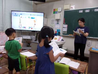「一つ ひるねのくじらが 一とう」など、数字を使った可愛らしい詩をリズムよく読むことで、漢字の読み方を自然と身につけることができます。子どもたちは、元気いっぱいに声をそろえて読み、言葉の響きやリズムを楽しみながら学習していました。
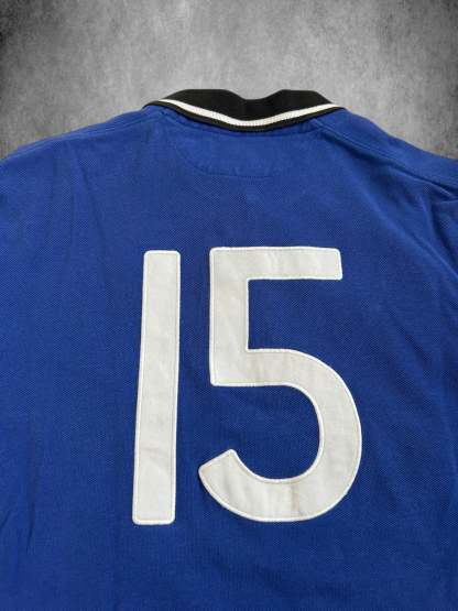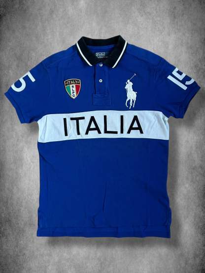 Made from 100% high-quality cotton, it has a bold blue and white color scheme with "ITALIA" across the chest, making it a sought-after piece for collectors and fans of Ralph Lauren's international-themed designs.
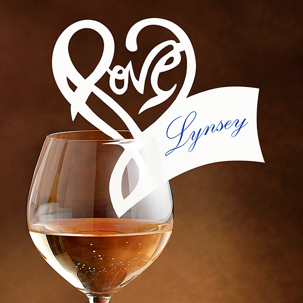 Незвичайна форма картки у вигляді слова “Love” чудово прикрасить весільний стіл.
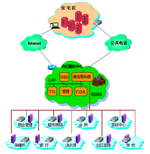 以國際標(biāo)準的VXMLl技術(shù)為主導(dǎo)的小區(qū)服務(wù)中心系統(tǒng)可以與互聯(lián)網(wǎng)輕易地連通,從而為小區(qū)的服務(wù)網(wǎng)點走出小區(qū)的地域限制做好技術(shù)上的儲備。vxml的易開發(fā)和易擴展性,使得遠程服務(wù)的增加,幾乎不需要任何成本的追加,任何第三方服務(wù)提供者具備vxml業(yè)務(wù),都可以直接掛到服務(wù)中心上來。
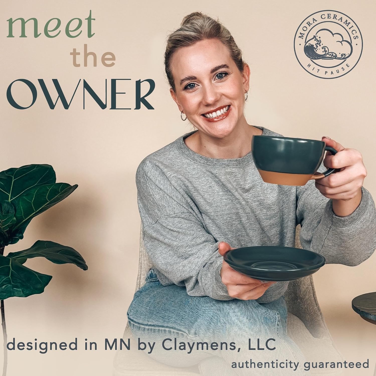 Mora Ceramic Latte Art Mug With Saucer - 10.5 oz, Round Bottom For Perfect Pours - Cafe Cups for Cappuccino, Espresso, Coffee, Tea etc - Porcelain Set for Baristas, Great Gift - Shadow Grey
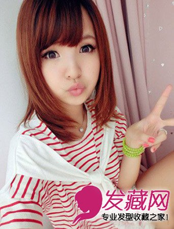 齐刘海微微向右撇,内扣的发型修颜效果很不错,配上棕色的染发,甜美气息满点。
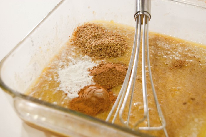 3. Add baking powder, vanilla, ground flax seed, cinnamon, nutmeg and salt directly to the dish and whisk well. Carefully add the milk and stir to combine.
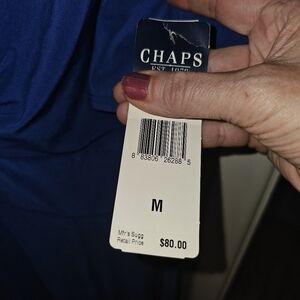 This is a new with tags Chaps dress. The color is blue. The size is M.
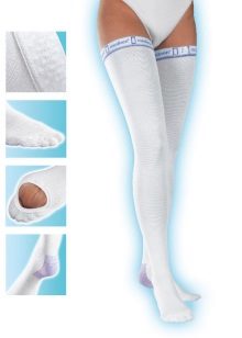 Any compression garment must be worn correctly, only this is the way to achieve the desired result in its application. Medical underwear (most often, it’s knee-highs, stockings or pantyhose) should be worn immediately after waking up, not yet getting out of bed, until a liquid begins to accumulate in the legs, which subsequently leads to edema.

----------

*ABOUT THIS TASK*.
The answer consists of the lines from the one holding "3. Add baking" to the end of the records, inclusive, restated exactly and without pictures.

*ANSWER AREA*.
 3. Add baking powder, vanilla, ground flax seed, cinnamon, nutmeg and salt directly to the dish and whisk well. Carefully add the milk and stir to combine.
 This is a new with tags Chaps dress. The color is blue. The size is M.
 Any compression garment must be worn correctly, only this is the way to achieve the desired result in its application. Medical underwear (most often, it’s knee-highs, stockings or pantyhose) should be worn immediately after waking up, not yet getting out of bed, until a liquid begins to accumulate in the legs, which subsequently leads to edema.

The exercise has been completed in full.